No idea why, but it came out much larger/expanded.

[–] [email protected] 10 points 8 hours ago

Fun fact, you can shrink barbie doll heads in acetone.

[–] [email protected] 9 points 12 hours ago (1 children)

I don't even know the name of the adhesive they used. I do know that it was made by 3M and that it's orange.

[–] [email protected] 13 points 12 hours ago* (last edited 12 hours ago) (1 children)

Well, OK. So maybe that adhesive is stronger than a weld on that particular plastic. Of course, if you're talking about adhering a plastic to a metal you cannot weld it so Elmer's would be "stronger than a weld". But whatever's going on it's not adequate.

E: and actually welding plastic together typically isn't that strong, a mechanical bond can easily be stronger than melting the plastic to weld it.

[–] [email protected] 1 points 20 minutes ago

Epoxy bonding on body panels is super common on many cars now.
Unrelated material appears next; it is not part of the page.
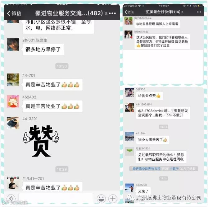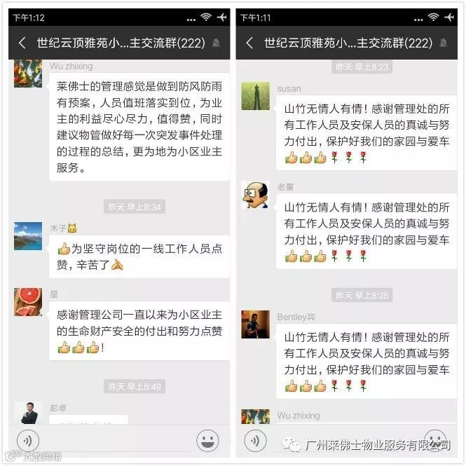 很多业户看到我们的付出后都纷纷点赞

And it’s the only way to bond incompatible materials like aluminum and high strength steel.

Even steel body panels can’t be welded to high strength steel because the heat affected zone will be weakened by the weld and will crack just outside the weld.

Adhesives to create a mechanical bond, and the 3M body adhesives include glass microbeads that prevent you from squishing the joint too tightly, which makes the bind more effective.
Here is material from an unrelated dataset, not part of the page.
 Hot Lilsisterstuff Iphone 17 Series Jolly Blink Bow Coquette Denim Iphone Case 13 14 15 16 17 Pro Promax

Now using it in dirty or coated stainless steel clearly isn’t working, and the design of thin strips of shiny steel that will grow and shrink a lot, mostly in one direction on a design that was done by a 7 year old in a hurry to draw a truck is another issue.

[–] grue 24 points 12 hours ago (1 children)

they had to have someone remind everyone that the glue pattern posted at every station where it's applied isn't just a suggestion, it's an engineering requirement for the structural integrity of the part. People were just slapping the adhesive onto shit in any old way they pleased a lot of the time.

In other words, the things were being designed by underqualified engineers who didn't understand factors of safety, design for manufacturability, or that precision comes at a cost.

[–] [email protected] 16 points 5 hours ago (1 children)

I suspect the real issue is the workers aren't given enough time on the line to do this correctly so they just churn them out to hit the needed metric knowing it will fail after being delivered to the owner.

[–] grue 1 points 34 minutes ago

Hence,

precision comes at a cost

That cost could be needing to use precision robot arms instead of humans, needing to pay higher salaries to find really skilled and diligent humans, or as you suggested, slowing down the assembly line so the workers have time to be more careful.